Hotels and Resorts: Owns and operates full service hotels and resorts in Wisconsin, Illinois, Oklahoma and Nebraska and manages full service hotels, resorts and other properties in Wisconsin, Illinois, Minnesota, Texas, Nevada, California and Nebraska.

Principles of Consolidation - The consolidated financial statements include the accounts of The Marcus Corporation and all of its subsidiaries, including a 50% owned joint venture entity in which the Company has a controlling financial interest. The Company has ownership interests greater than 50% in one joint venture that is considered a Variable Interest Entity (VIE) that is also included in the accounts of the Company. The Company is the primary beneficiary of the VIE and the Company’s interest is considered a majority voting interest. The equity interest of outside owners in consolidated entities is recorded as noncontrolling interests in the consolidated balance sheets, and their share of earnings is recorded as net earnings (losses) attributable to noncontrolling interests in the consolidated statements of earnings (loss) in accordance with the partnership agreements.

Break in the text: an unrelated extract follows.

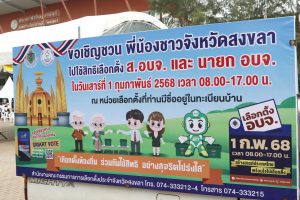 วันที่ 27 มกราคม 2568 ที่บริเวณหน้าศาลากลางจังหวัดสงขลา อ.เมือง จ.สงขลา สำนักงานคณะกรรมการการการเลือกตั้งประจำจังหวัดสงขลา จัดกิจกรรมรณรงค์เชิญชวนออกไปใช้สิทธิเลือกตั้งสมาชิกสภาองค์การบริหารส่วนจังหวัดสงขลาและนายกองค์การบริหารส่วนจังหวัดสงขลา ภายใต้แนวคิด “1 กุมภาพันธ์ สร้างสรรค์ประเทศไทย พร้อมใจไปเลือกตั้ง” เพื่อกระตุ้นให้ประชาชนตระหนักถึงความสำคัญของการเลือกตั้ง ปราศจากการครอบงำ โดยคำนึงถึงประโยชน์ของประเทศชาติเป็นสำคัญ โดยมี นายสังคม เกิดก่อ รองผู้ว่าราชการจังหวัดสงขลา เป็นประธานเปิดกิจกรรม พร้อมด้วยพร้อมด้วย ร.ต.อ. สมนึก กุลมณี ผู้อำนวยการสำนักงานคณะกรรมการการเลือกตั้งประจำจังหวัดสงขลา โดยได้ร่วมแสดงท่าทางเชิงสัญลักษณ์ในการหย่อนบัตรเลือกตั้ง 2 ใบ เพื่อเปิดกิจกรรมอย่างเป็นทางการ

Investments in affiliates which are 50% or less owned by the Company for which the Company exercises significant influence but does not have control are accounted for on the equity method. The Company has investments in equity investments without readily determinable fair values, which represents investments in entities where the Company does not have the ability to significantly influence the operations of the entities.

All intercompany accounts and transactions have been eliminated in consolidation.

Use of Estimates - The preparation of financial statements in conformity with U.S. generally accepted accounting principles requires management to make estimates and assumptions that affect the amounts reported in the financial statements and accompanying notes. Actual results could differ from those estimates.

Change in Accounting Policies – The Company adopted Financial Accounting Standards Board (FASB) Accounting Standards Update (ASU) No. 2016-02, Leases, (Topic 842), on the first day of fiscal 2019. These lease policy updates were applied prospectively in the Company’s financial statements from December 28, 2018 forward. Reported financial information for the historical comparable periods was not revised and continues to be reported under the accounting standards in effect during the historical periods. See Note 8 for further discussion.

Cash Equivalents - The Company considers all highly liquid investments with maturities of three months or less when purchased to be cash equivalents. Cash equivalents are carried at cost, which approximates fair value.

Restricted Cash - Restricted cash consists of bank accounts related to capital expenditure reserve funds, sinking funds, operating reserves and replacement reserves and may include amounts held by a qualified intermediary agent to be used for tax-deferred, like-kind exchange transactions. Restricted cash also includes funds held within the Company's captive insurance entity that are designated to pay expenses related specifically to the captive.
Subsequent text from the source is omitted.